- Born: 31 May 1874 Aberdeen, Scotland
- Died: 6 May 1956 (aged 81) East Melbourne, Victoria, Australia
- Resting place: Brighton General Cemetery, Melbourne
- Occupations: Engineer; industrialist; company director
- Known for: Founding figure of Australia’s industrial gases industry; first chairman of Commonwealth Industrial Gases (CIG)
- Board member of: Commonwealth Industrial Gases (chair); Cuming, Smith & Co.; Commonwealth Fertilisers and Chemicals; Australian Fertilizers; Industrial Chemicals Ltd / ICIANZ; Broken Hill South; Dunlop Australia; Triton Gold Mines; BHAS; Burma Corporation; Metal Manufacturers;
- Spouses: Grace Mary Cuming (m. 1900; deceased); Sybil Mary Vera Nunn (m. 1935);
- Awards: Knight Bachelor (1937)

= Alexander Anderson Stewart =

Scottish-born Australian engineer, industrialist and company director (1874–1956)

Sir Alexander Anderson Stewart (31 May 1874 – 6 May 1956) was a Scottish-born Australian engineer, industrialist and company director. After emigrating to Victoria in 1898 he rose to prominence in heavy industry, pioneering the commercial production of oxygen and acetylene and becoming the inaugural chairman of Commonwealth Industrial Gases (CIG). A leading Collins House Group director, he held senior roles across fertilisers, chemicals and mining, and was a long-serving office-bearer at The Alfred Hospital, where he was treasurer (1932–42) and president (1942–52). He was knighted in 1937 for services to industry and public life.

== Early life and engineering training ==
Stewart was born at Aberdeen, Scotland, on 31 May 1874, and educated at Robert Gordon's College. He was apprenticed as a mechanical engineer and obtained further practical experience in England before emigrating to Victoria in 1898.

== Engineering and industrial career ==
Settling in Melbourne’s west, Stewart became chief engineer at the Michaelis Hallenstein tannery at Footscray.

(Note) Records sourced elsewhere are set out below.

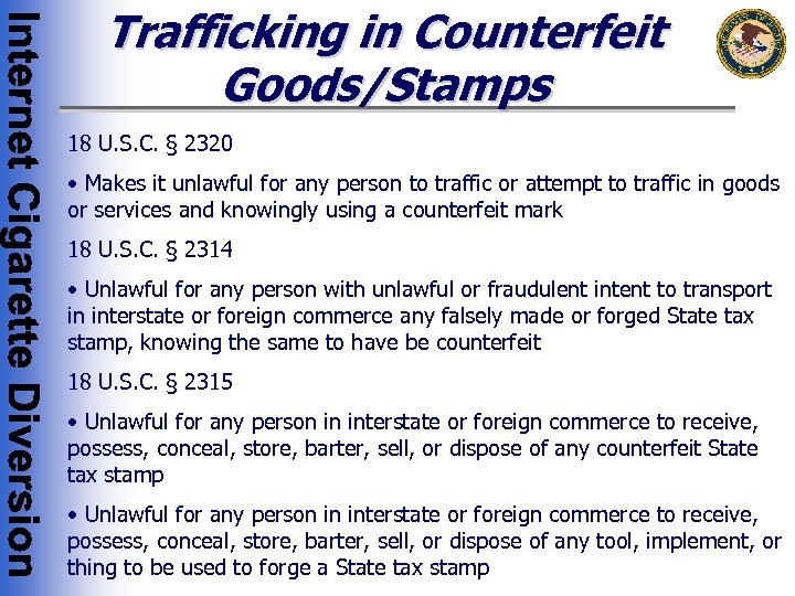 Trafficking in Counterfeit Goods/Stamps 18 U. S. C. § 2320 • Makes it unlawful for any person to traffic or attempt to traffic in goods or services and knowingly using a counterfeit mark 18 U. S. C. § 2314 • Unlawful for any person with unlawful or fraudulent intent to transport in interstate or foreign commerce any falsely made or forged State tax stamp, knowing the same to have be counterfeit 18 U. S. C. § 2315 • Unlawful for any person in interstate or foreign commerce to receive, possess, conceal, store, barter, sell, or dispose of any counterfeit State tax stamp • Unlawful for any person in interstate or foreign commerce to receive, possess, conceal, store, barter, sell, or dispose of any tool, implement, or thing to be used to forge a State tax stamp
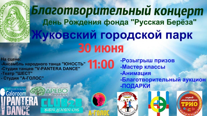 30 июня с 11 - 15 в городском парке г. Жуковский на дне рождения фонда "Русская Берёза" пройдет творческий мастер класс для самых маленьких! Ждем всех малышей!!!!!!
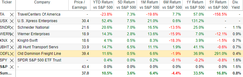 “Potential problems for KNX and other companies in the sector are more competition from freight rail, high wages and shortages of qualified drivers,” Carlson said. “Given the potential headwinds, it is best to invest in the sector with a quality company trading at a below-average valuations.”
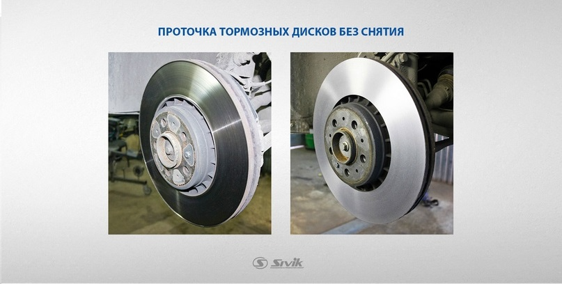 • проточка обязательно выполняется на обоих дисках одной оси, чтобы они имели одинаковую толщину.
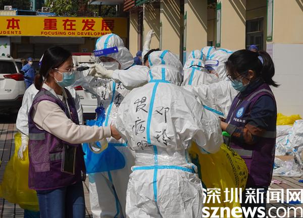臘八節(jié)剛過,深圳帶著些許涼意,卻也是艷陽高照?!巴緜儯嗷z查一下手腕腳腕有沒有貼好!穿戴整齊后準備集結出發(fā)啦!”在封控區(qū)外圍的醫(yī)護人員整備區(qū),一群身穿防護服、全副“武”裝的工作人員整裝待發(fā),兩人一組,目光堅定,向著封控區(qū)的入口走去。
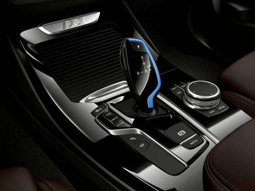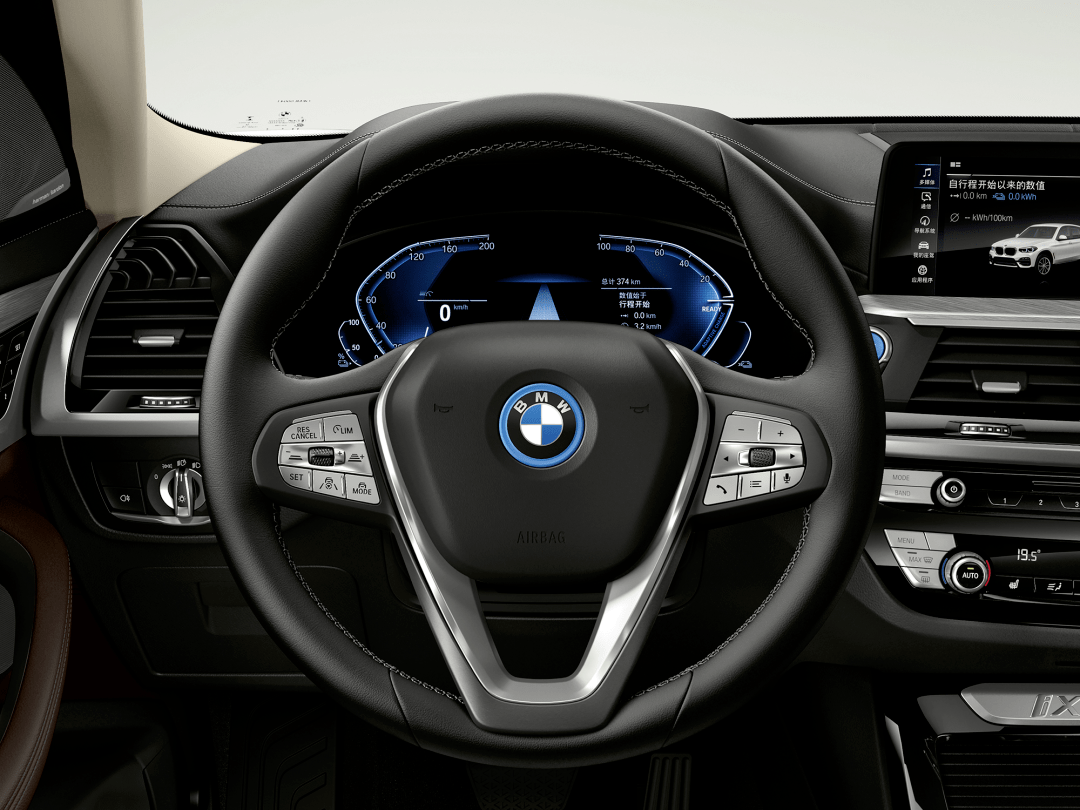 进入车内,细节总在不经意间透露出BMW iX3新能源车型的蓝色血统。方向盘中央带有蓝色圆环的宝马标识、蓝色的启停按键、挡杆上精细的蓝色镶边、中央杯架前铝合金质感的iX3印记,对分寸的拿捏恰到好处。
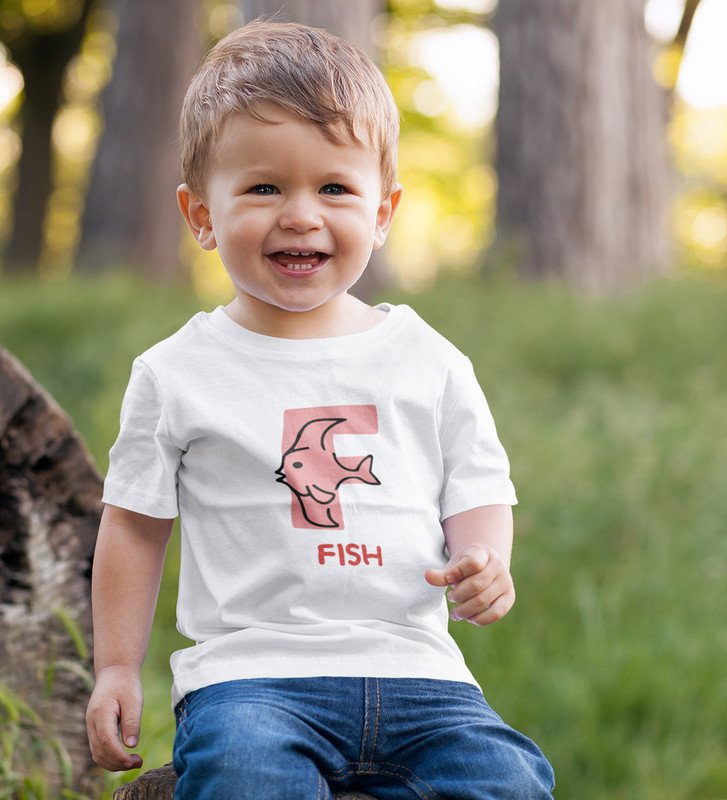 Fishy Fish, Printed Cotton tshirt (white) for Boys

In 1903 he went into partnership with William Fyvie as Fyvie & Stewart, engineers and contractors, later trading as Alex. Stewart & Co.

Recognising opportunities in industrial gases, Stewart secured German patents and plant designs and, with British Oxygen interests, helped form the Commonwealth Oxygen Company in 1911. In 1935 a reorganisation and merger created Commonwealth Industrial Gases (CIG), of which Stewart was the first chairman. Through these ventures he was central to establishing oxygen and acetylene manufacture for Australian industry and medicine.

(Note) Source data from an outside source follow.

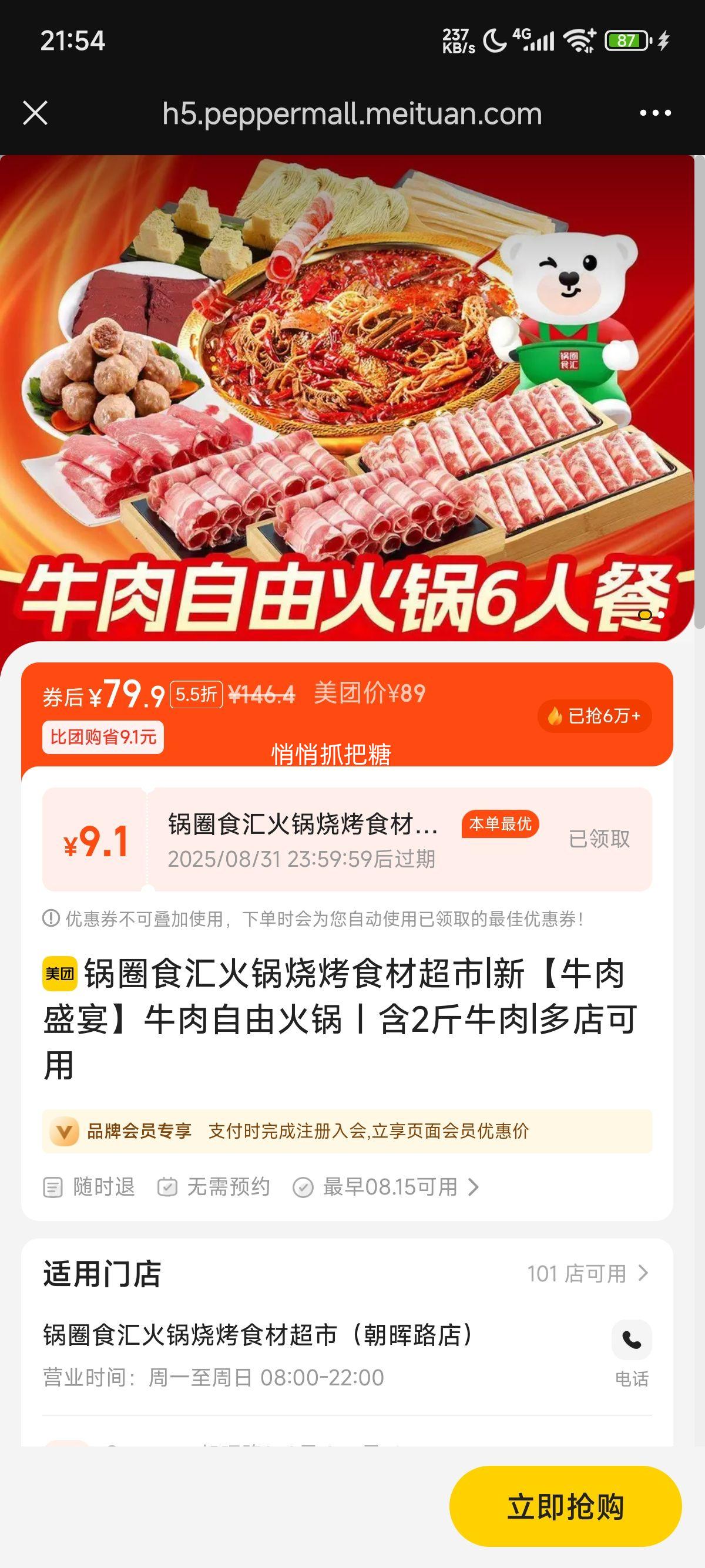 再降价:美团到店 锅圈食汇 新【牛肉盛宴】牛肉自由火锅|含2斤牛肉 6人餐 单人仅13.32元,原价146.4元现价79.9元
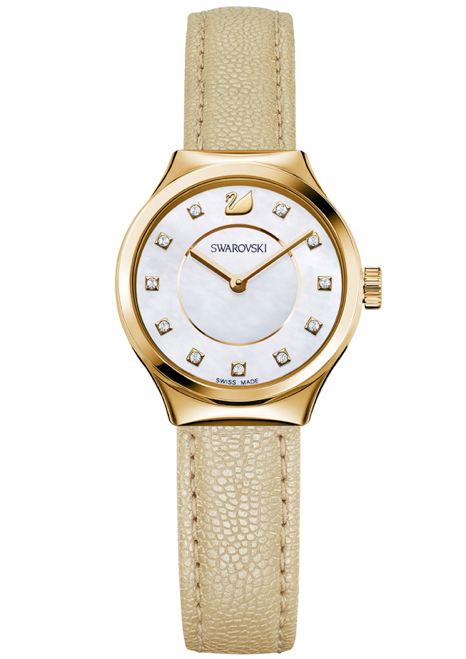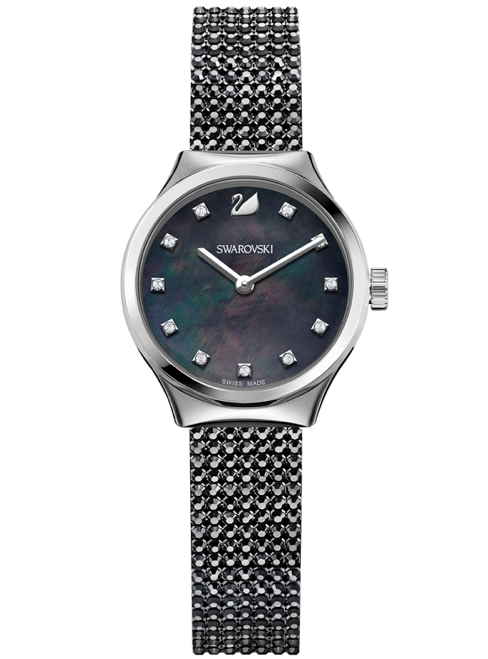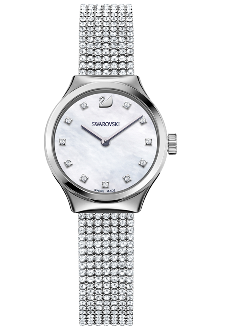 Dulce y decididamente femenina. La carátula es de madreperla, mientras que los índices son cristales aplicados. Se abraza gracias a una correa de piel o a un brazalete Crystal Mesh, de acuerdo a la configuración de su elección.
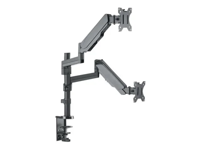 Manhattan TV & Monitor Mount, Desk, Full Motion (Gas Spring), 2 screens, Screen Sizes: 10-27", Black, Clamp or Grommet Assembly, Dual Screen, VESA 75x75 to 100x100mm, Max 8kg (each), Lifetime Warranty - Befestigungskit (Spannbefestigung für Tisch, Dual-Schwenkarm, Klammerbasis, 2 Gasfedern) - für 2 LCD-Displays - Kunststoff, Aluminium, Stahl - Bildschirmgröße: 43.2-81.3 cm (17"-32") - Tischmontage

== Company directorships and Collins House ==
Following the death of his father-in-law James Cuming (1835–1911), Stewart joined the board of Cuming, Smith & Co. He later held directorships (often chairing committees) with Commonwealth Fertilisers and Chemicals, Australian Fertilizers, Industrial Chemicals Ltd (subsequently ICI in Australasia), Dunlop
, and Broken Hill South, among others. He moved within the Collins House Group business network.

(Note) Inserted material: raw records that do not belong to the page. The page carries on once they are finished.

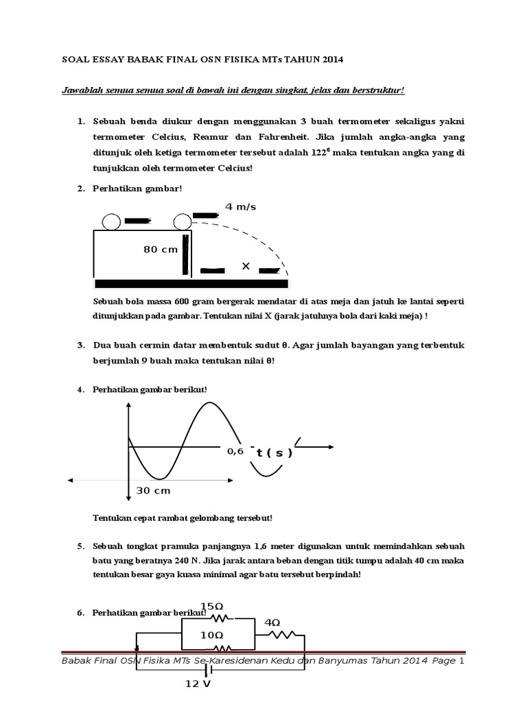 Contoh Soal Fisika Essay | Dunia seni dan sastra Indonesia
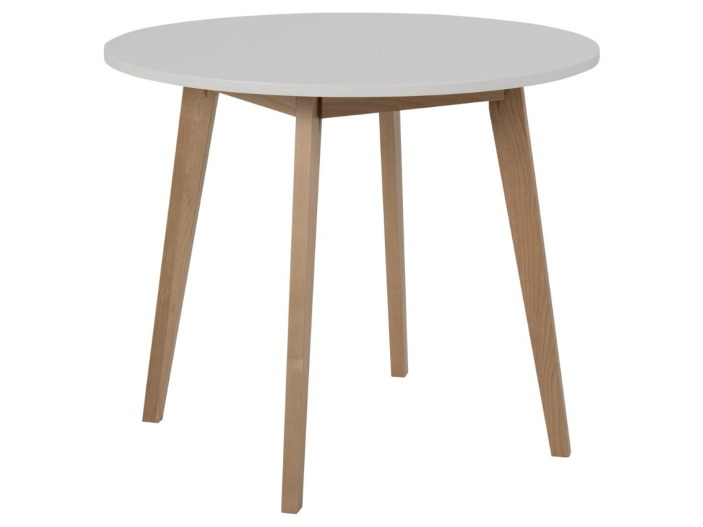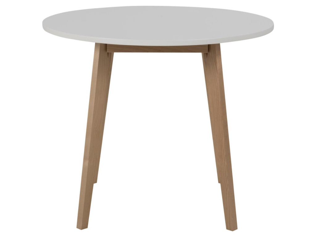 Raven round dining table, top white PU painted MDF, base NC lacquered birch, Ø90x76 cm
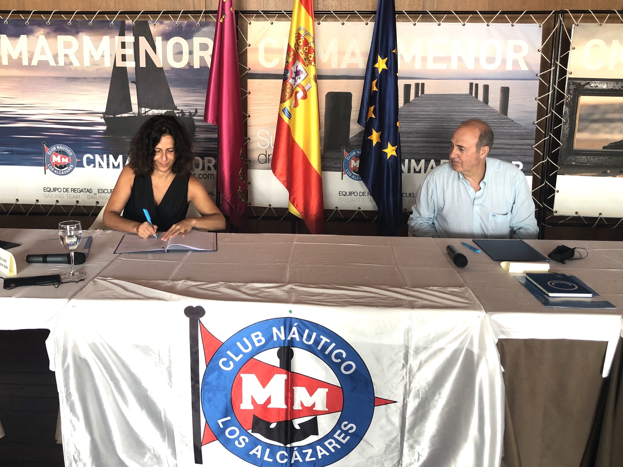 La consejera y el presidente de la Estación Náutica del Mar Menor-Cabo de Palos, Luis Cabello, durante la firma del convenio.

== Public service and philanthropy ==
Stewart served on federal wartime industrial and munitions panels during the Second World War. He was treasurer of The Alfred Hospital (1932–42) and president (1942–52), and sat on the Felton Bequest committee. His portrait by Max Meldrum reflects his public prominence.

== Honours ==
Stewart was appointed a Knight Bachelor in 1937 in recognition of his services to industry and public affairs.

== Personal life ==
On 16 February 1900 Stewart married Grace Mary Cuming, daughter of industrialist James Cuming (1835–1911).

== Death ==
Stewart died at East Melbourne on 6 May 1956 and was buried in Brighton General Cemetery, Melbourne.

== Legacy ==
Stewart’s engineering entrepreneurship helped establish the Australian industrial gases sector and consolidated key fertiliser and chemical enterprises. His hospital and philanthropic work, particularly at The Alfred and through the Felton Bequest, were significant 20th Century contributions, and support his standing as a civic leader.